[Opening Raw data section]

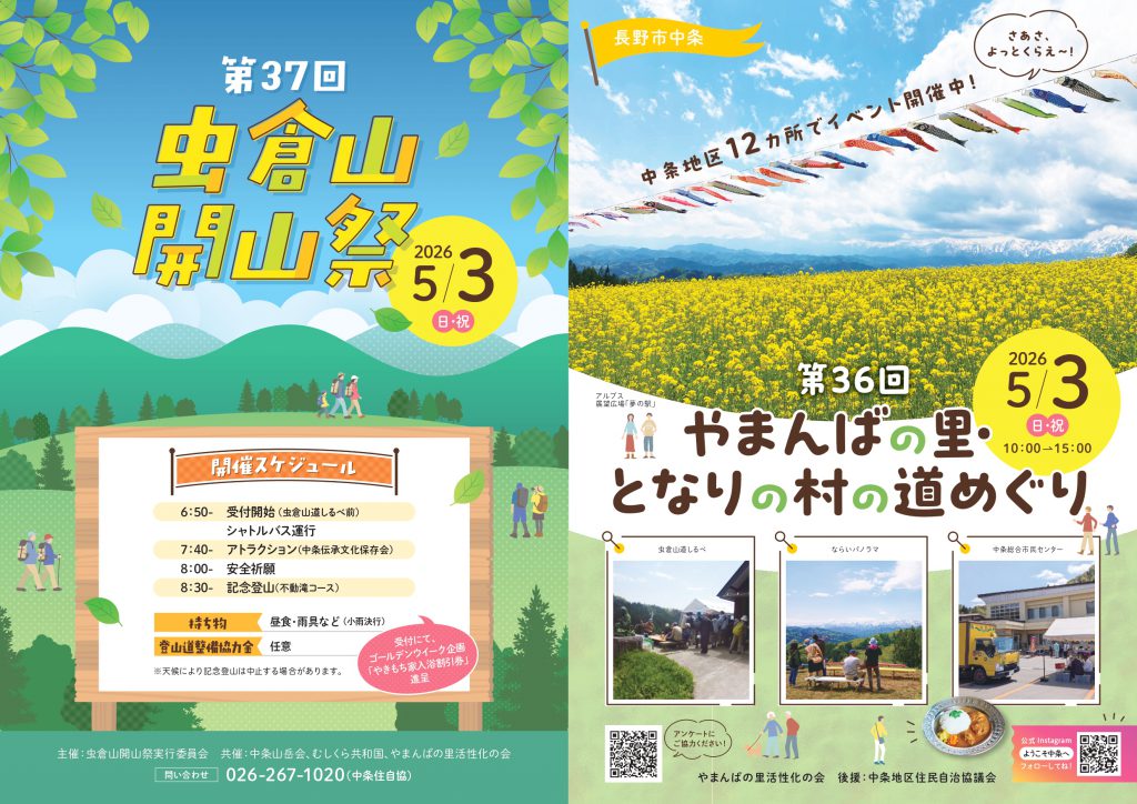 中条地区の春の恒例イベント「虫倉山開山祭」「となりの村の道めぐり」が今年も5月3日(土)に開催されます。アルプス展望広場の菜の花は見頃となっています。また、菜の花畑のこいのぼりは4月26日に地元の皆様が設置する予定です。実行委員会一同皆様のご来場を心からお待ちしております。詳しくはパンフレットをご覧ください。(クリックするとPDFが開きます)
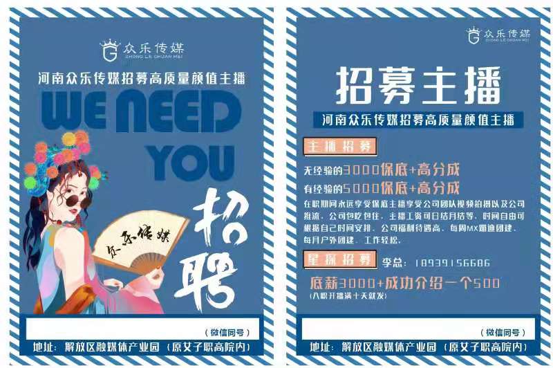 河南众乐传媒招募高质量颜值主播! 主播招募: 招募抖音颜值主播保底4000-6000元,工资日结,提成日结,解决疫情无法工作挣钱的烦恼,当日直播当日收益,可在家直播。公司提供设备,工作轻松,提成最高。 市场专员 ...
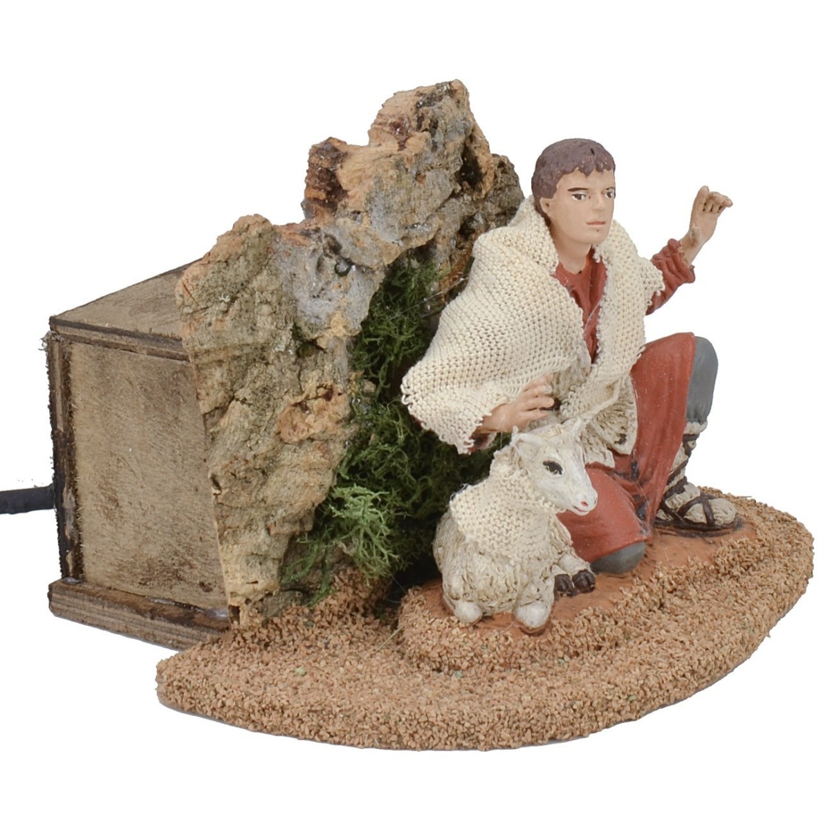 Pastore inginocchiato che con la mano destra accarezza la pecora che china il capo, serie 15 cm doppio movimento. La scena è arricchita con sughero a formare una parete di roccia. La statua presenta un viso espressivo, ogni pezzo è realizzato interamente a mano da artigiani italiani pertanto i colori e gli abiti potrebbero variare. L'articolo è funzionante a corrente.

[Closing Raw data section]
[Opening Raw data section]

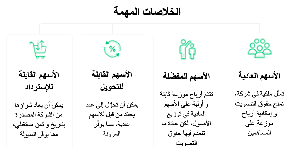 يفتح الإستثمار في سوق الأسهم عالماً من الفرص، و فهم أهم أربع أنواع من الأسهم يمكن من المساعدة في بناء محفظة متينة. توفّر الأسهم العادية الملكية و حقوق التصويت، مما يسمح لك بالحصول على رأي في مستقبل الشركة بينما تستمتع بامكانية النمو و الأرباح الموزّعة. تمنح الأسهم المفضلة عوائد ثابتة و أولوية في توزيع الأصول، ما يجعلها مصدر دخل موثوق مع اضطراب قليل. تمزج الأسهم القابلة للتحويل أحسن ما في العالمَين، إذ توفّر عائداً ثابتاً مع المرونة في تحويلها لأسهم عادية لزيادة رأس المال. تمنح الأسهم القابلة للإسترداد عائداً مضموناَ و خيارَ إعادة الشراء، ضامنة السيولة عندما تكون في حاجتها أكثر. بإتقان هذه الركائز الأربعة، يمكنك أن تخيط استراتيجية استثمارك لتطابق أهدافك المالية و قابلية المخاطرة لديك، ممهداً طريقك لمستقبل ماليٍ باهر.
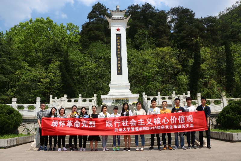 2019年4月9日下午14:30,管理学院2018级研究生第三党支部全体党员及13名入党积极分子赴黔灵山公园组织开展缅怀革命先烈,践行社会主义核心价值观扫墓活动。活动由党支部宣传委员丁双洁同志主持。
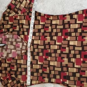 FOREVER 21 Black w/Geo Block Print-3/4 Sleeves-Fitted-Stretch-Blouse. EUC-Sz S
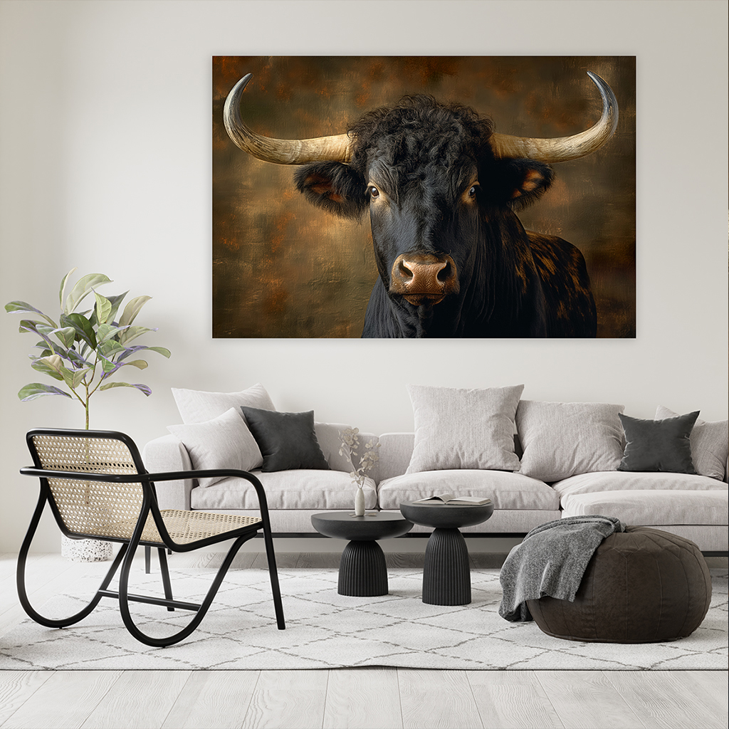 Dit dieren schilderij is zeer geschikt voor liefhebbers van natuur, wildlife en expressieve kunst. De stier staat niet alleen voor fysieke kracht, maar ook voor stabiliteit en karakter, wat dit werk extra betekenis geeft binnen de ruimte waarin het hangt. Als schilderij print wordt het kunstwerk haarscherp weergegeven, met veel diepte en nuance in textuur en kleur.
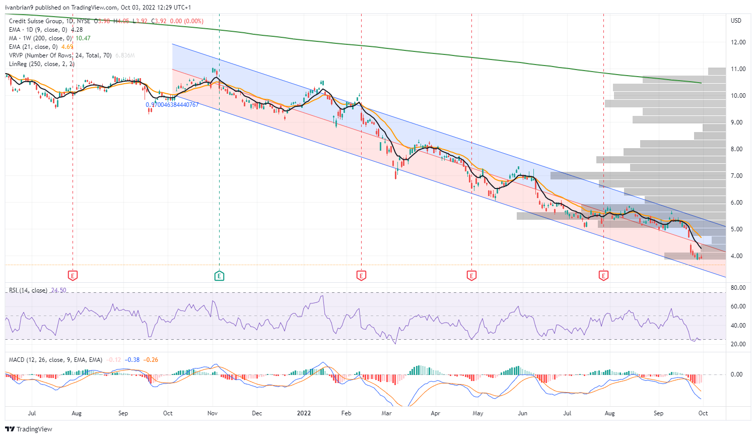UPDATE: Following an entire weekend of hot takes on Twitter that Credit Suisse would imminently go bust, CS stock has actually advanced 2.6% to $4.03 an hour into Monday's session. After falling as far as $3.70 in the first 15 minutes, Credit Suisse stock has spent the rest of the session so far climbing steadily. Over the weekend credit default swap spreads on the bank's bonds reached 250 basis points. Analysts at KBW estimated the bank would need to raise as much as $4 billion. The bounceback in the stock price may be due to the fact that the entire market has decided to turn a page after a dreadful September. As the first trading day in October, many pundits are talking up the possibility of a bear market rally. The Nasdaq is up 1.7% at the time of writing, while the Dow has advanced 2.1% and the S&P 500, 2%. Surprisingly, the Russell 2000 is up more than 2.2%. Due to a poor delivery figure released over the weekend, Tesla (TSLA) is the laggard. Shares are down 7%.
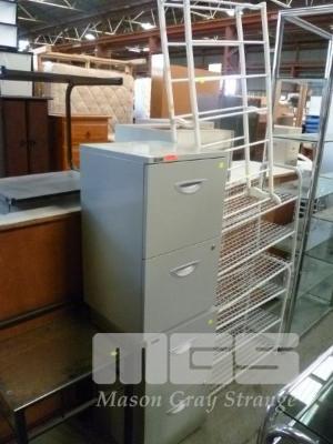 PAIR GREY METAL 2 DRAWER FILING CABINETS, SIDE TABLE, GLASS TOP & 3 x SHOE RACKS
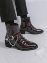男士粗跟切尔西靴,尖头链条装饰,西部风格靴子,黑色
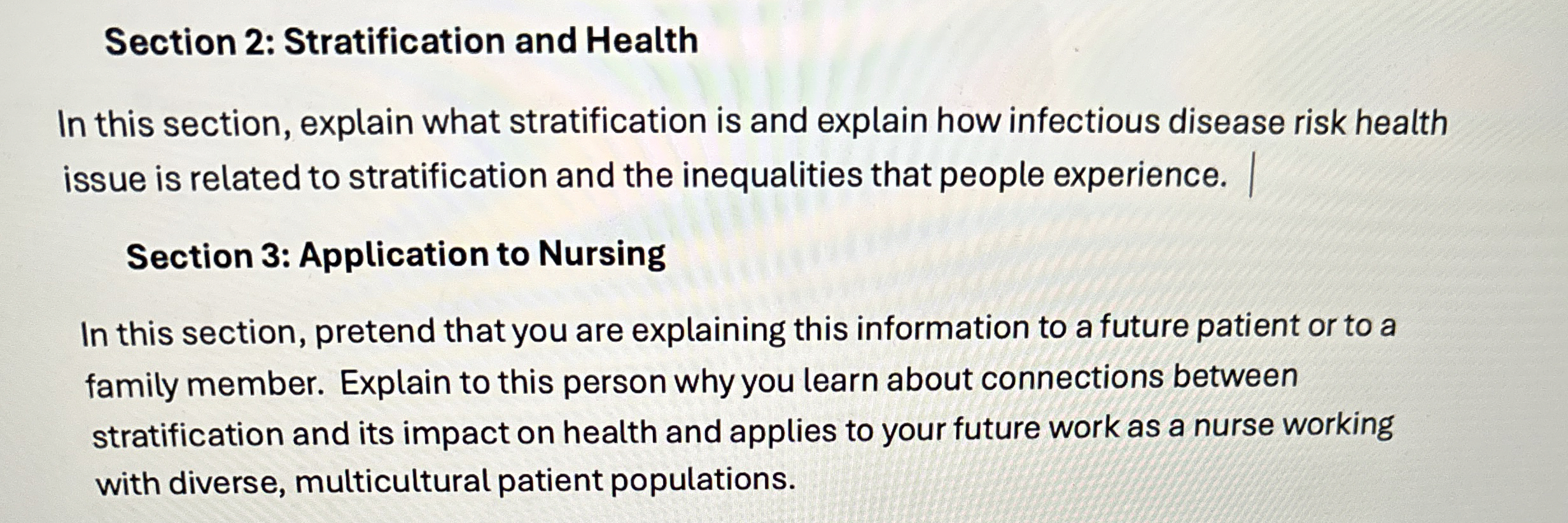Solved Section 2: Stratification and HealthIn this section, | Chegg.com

[Closing Raw data section]

> _Instructions for the task_
Leave out the images and write out the lines above exactly, from the one with "中条地区の春の恒例イベント「" up to and including the one with "Pastore inginocchiato che".

> _Output for this exercise_
 中条地区の春の恒例イベント「虫倉山開山祭」「となりの村の道めぐり」が今年も5月3日(土)に開催されます。アルプス展望広場の菜の花は見頃となっています。また、菜の花畑のこいのぼりは4月26日に地元の皆様が設置する予定です。実行委員会一同皆様のご来場を心からお待ちしております。詳しくはパンフレットをご覧ください。(クリックするとPDFが開きます)
 河南众乐传媒招募高质量颜值主播! 主播招募: 招募抖音颜值主播保底4000-6000元,工资日结,提成日结,解决疫情无法工作挣钱的烦恼,当日直播当日收益,可在家直播。公司提供设备,工作轻松,提成最高。 市场专员 ...
 Pastore inginocchiato che con la mano destra accarezza la pecora che china il capo, serie 15 cm doppio movimento. La scena è arricchita con sughero a formare una parete di roccia. La statua presenta un viso espressivo, ogni pezzo è realizzato interamente a mano da artigiani italiani pertanto i colori e gli abiti potrebbero variare. L'articolo è funzionante a corrente.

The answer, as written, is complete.